Help on built-in function randn:

randn(...) method of mtrand.RandomState instance
    randn(d0, d1, ..., dn)
    
    Return a sample (or samples) from the "standard normal" distribution.
    
    If positive, int_like or int-convertible arguments are provided,
    `randn` generates an array of shape ``(d0, d1, ..., dn)``, filled
    with random floats sampled from a univariate "normal" (Gaussian)
    distribution of mean 0 and variance 1 (if any of the :math:`d_i` are
    floats, they are first converted to integers by truncation).
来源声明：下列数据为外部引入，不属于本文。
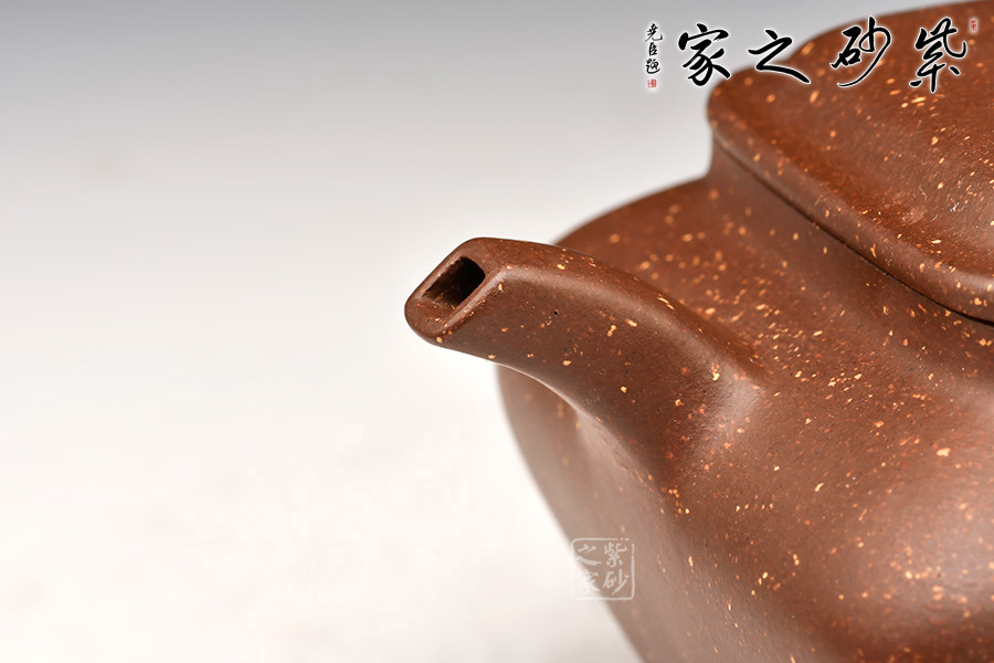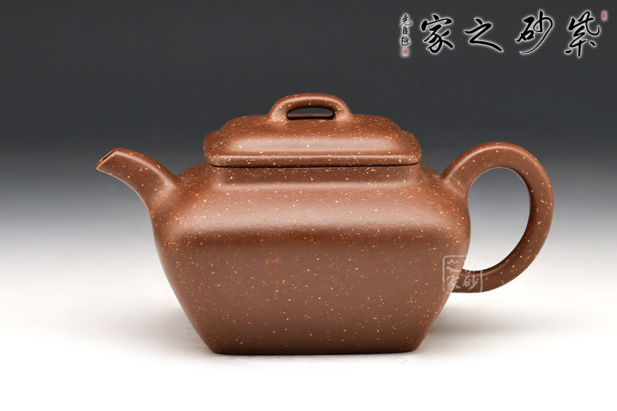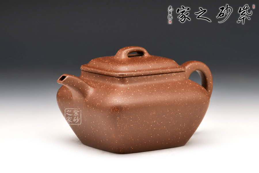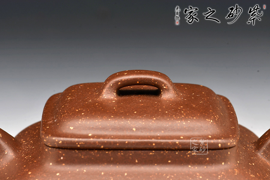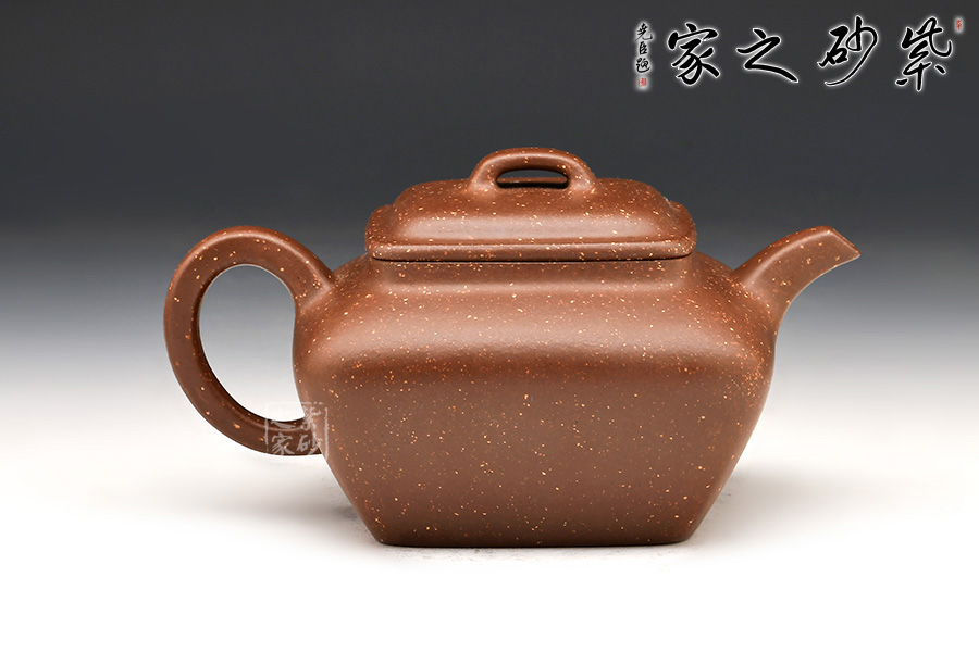四方形,上闊下斂,蓋、流、柄為方形,棱角分明,壺腹全身以鋪砂裝飾,極為少見。

A single
    float randomly sampled from the distribution is returned if no
    argument is provided.
    
    This is a convenience function.  If you want an interface that takes a
    tuple as the first argument, use `numpy.random.standard_normal` instead.
    
    Parameters
    ----------
    d0, d1, ..., dn : int, optional
        The dimensions of the returned array, should be all positive.
        If no argument is given a single Python float is ret

In [5]:
np.random.randn(1,3)

array([[ 1.51348912, -1.21852393, -0.56293872]])

In [6]:
np.random.randn(2,2)

array([[-0.65213249, -0.60574028],
       [-0.6679294 , -0.20503991]])

### 结论已经很明显了，np.random.randn(x,y)是用来生成一个x行y列的array；其值是从标准正态分布中搞到的

### 2. 导入数据

#### -本来导入的是cPickle库，python3之后就不用了，而且有所改变，可参考：
#### https://blog.csdn.net/lanqiu5ge/article/details/25136909

In [7]:
import pickle
import gzip
##gzip是自带的，针对python2 和python3也有所不同，具体的可看上一篇.ipy

In [8]:
f = gzip.open('E:/Git-repository/neural-networks-and-deep-learning/data/mnist.pkl.gz', 'rb')
tr_d, va_d, te_d = pickle.load(f,encoding='latin1')
f.close()

#### Python2和python3有关cPickly包的区别用法： https://blog.csdn.net/xiaojiajia007/article/details/53707180

In [9]:
print(type(tr_d))
print(len(tr_d))
print(type(tr_d[0]))
print(type(tr_d[1]))
## tr_d是一个由两个numpy.ndarray类组成的元组
print(len(tr_d[0]))
print(len(tr_d[1]))
print(type(tr_d[0][0]))
print(type(tr_d[1][0]))
##第0个tr_d存放的是50000个numpy.ndarray；第1个tr_d存放的是50000个numpy.int64

<class 'tuple'>
2
<class 'numpy.ndarray'>
<class 'numpy.ndarray'>
50000
50000
<class 'numpy.ndarray'>
<class 'numpy.int64'>


In [10]:
training_inputs = [np.reshape(x, (784, 1)) for x in tr_d[0]]

In [11]:
print(tr_d[0][0].shape) ##可以认为是一个元组吧

(784,)


In [12]:
temp = np.reshape(tr_d[0][0],(784,1))##从一个行向量，转换成了列向量
print(temp.shape)
print(type(temp))

(784, 1)
<class 'numpy.ndarray'>


In [13]:
print(tr_d[0][0][:10])
print(type(temp))
print(temp[:10])

[0. 0. 0. 0. 0. 0. 0. 0. 0. 0.]
<class 'numpy.ndarray'>
[[0.]
 [0.]
 [0.]
 [0.]
 [0.]
 [0.]
 [0.]
 [0.]
 [0.]
 [0.]]


In [14]:
def vectorized_result(j):
    """Return a 10-dimensional unit vector with a 1.0 in the jth
    position and zeroes elsewhere.  This is used to convert a digit
    (0...9) into a corresponding desired output from the neural
    network."""
    e = np.zeros((10, 1)) ##肯定是用来生成一个10行1列的全0列向量的呀
    e[j] = 1.0            ##把指定位置为1
    return e

training_results = [vectorized_result(y) for y in tr_d[1]]
training_data = list(zip(training_inputs, training_results))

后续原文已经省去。